▶
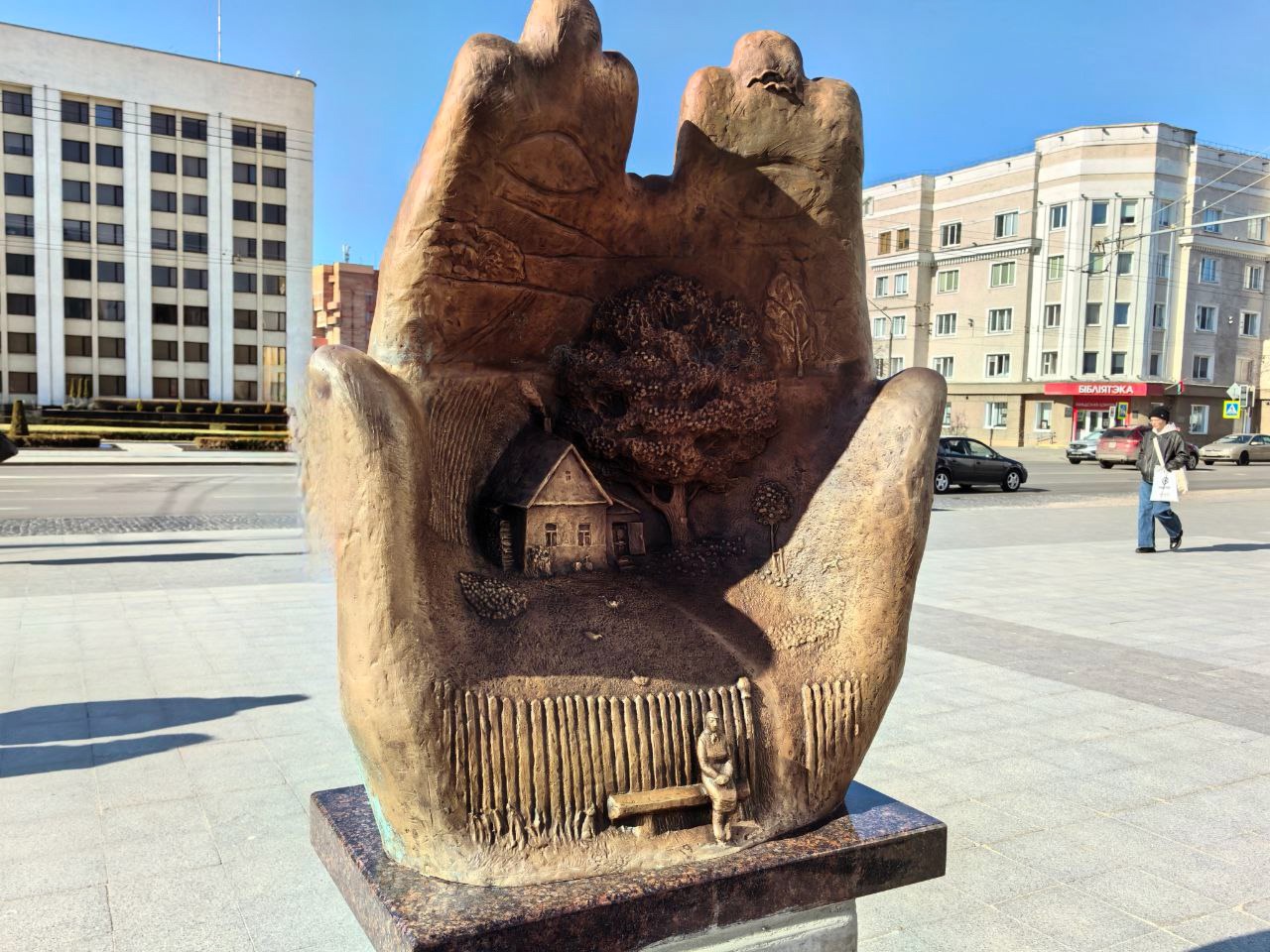У Магілёве на плошчы Адзінства паставілі скульптуру «Спадчына». Гэта цудоўна выкананы твор, з мілай ледзь не кожнаму беларусу тэмай: вёска – як частка спадчыны. «Самыя цёплыя ўспаміны ў чалавека заўжды з дзяцінства. І гэта ўспаміны пра хатку, якой ужо, можа, і няма. А далоні і вочы — гэта рукі Бога, які глядзіць і беражэ нашу Беларусь», — тлумачыць задуму аўтар Андрэй Вараб’ёў.
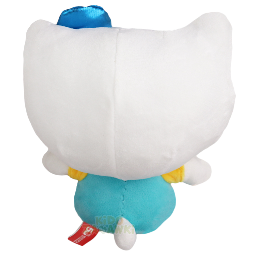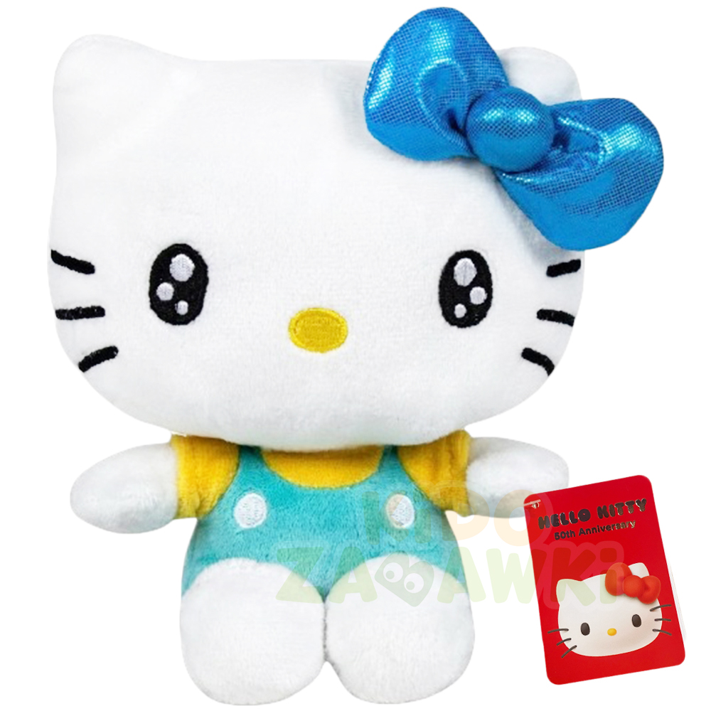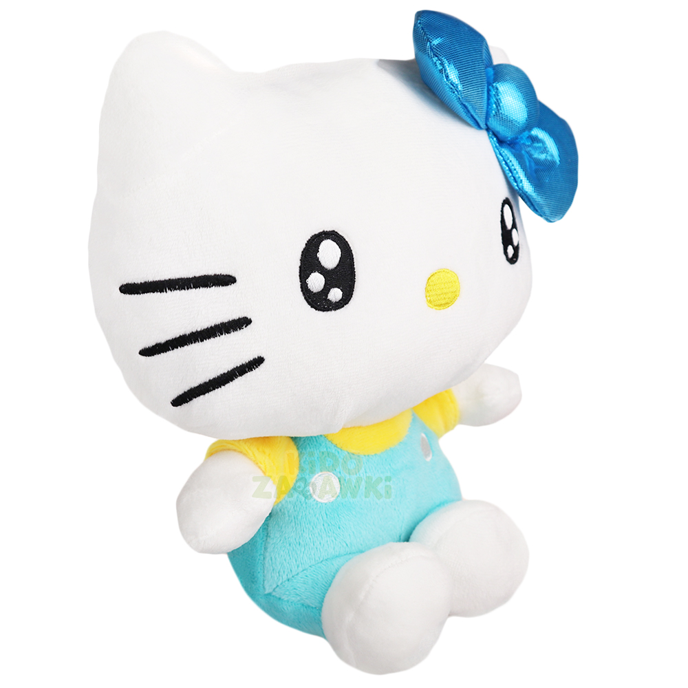Oryginalna maskotka Hello Kitty w turkusowych ogrodniczkach, wykonana z dokładnością, dobrze wypełniona miękkim pluszem.
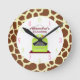 A clock featuring an illustration of a green stove at centre. Background is giraffe print pattern. Numerals are pink and green. Personalize with your name.
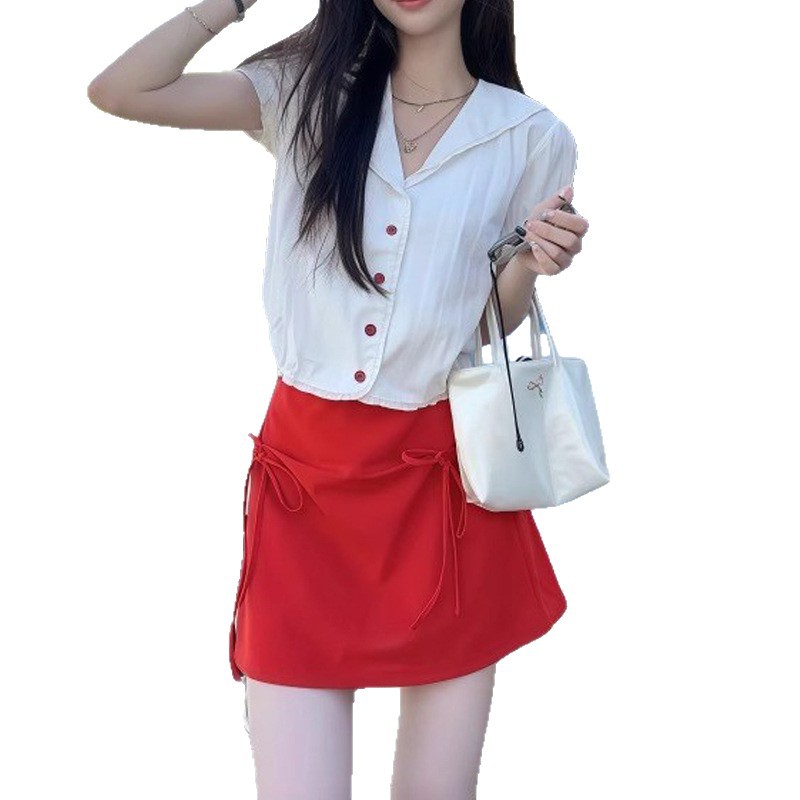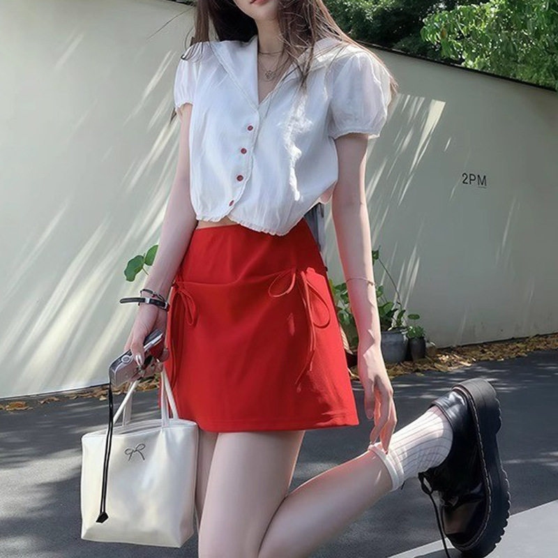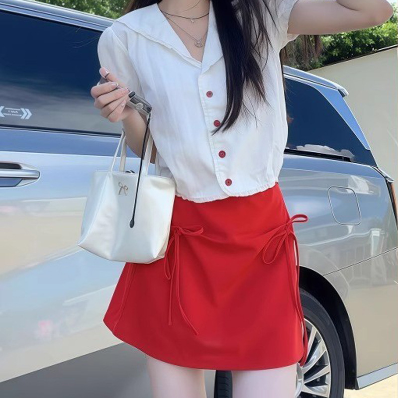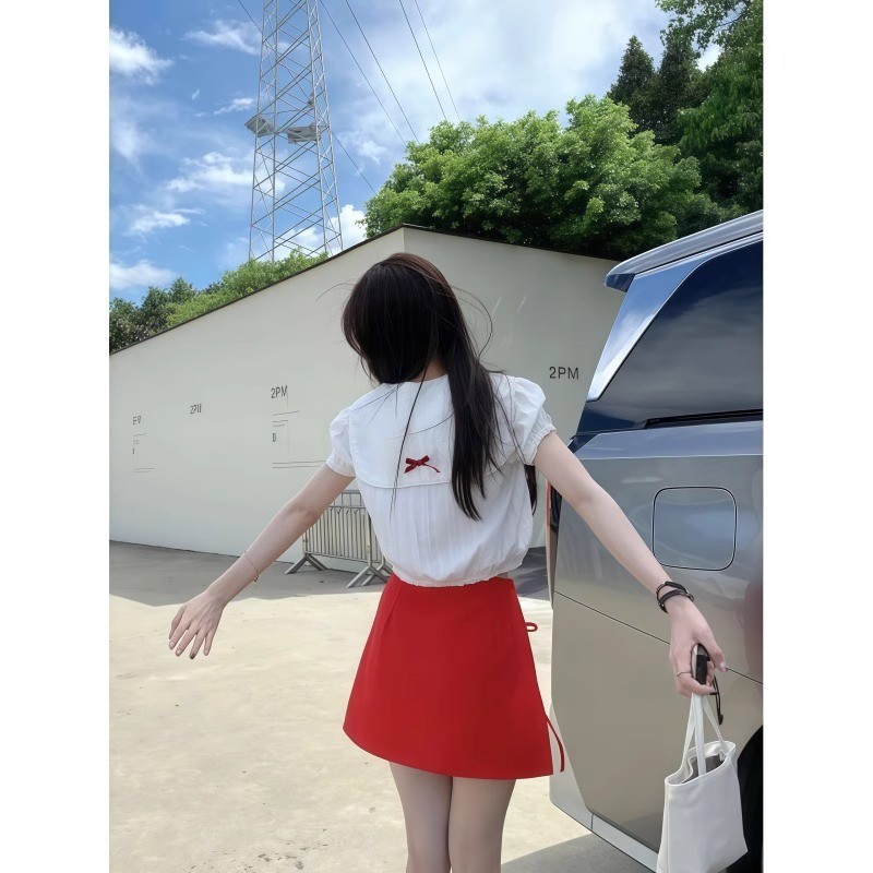 Главная страница > Летняя милая юбка А-силуэта, короткая юбка для женщин, новый стиль 2025 года, элегантный дизайн, универсальная красная юбка с бантом, модная
◀
_Action item_: From the line containing "A clock featuring" to the end of the data above, give those lines again verbatim, with both endpoints included and no images.

_Output of the exercise_:
 A clock featuring an illustration of a green stove at centre. Background is giraffe print pattern. Numerals are pink and green. Personalize with your name.
 Главная страница > Летняя милая юбка А-силуэта, короткая юбка для женщин, новый стиль 2025 года, элегантный дизайн, универсальная красная юбка с бантом, модная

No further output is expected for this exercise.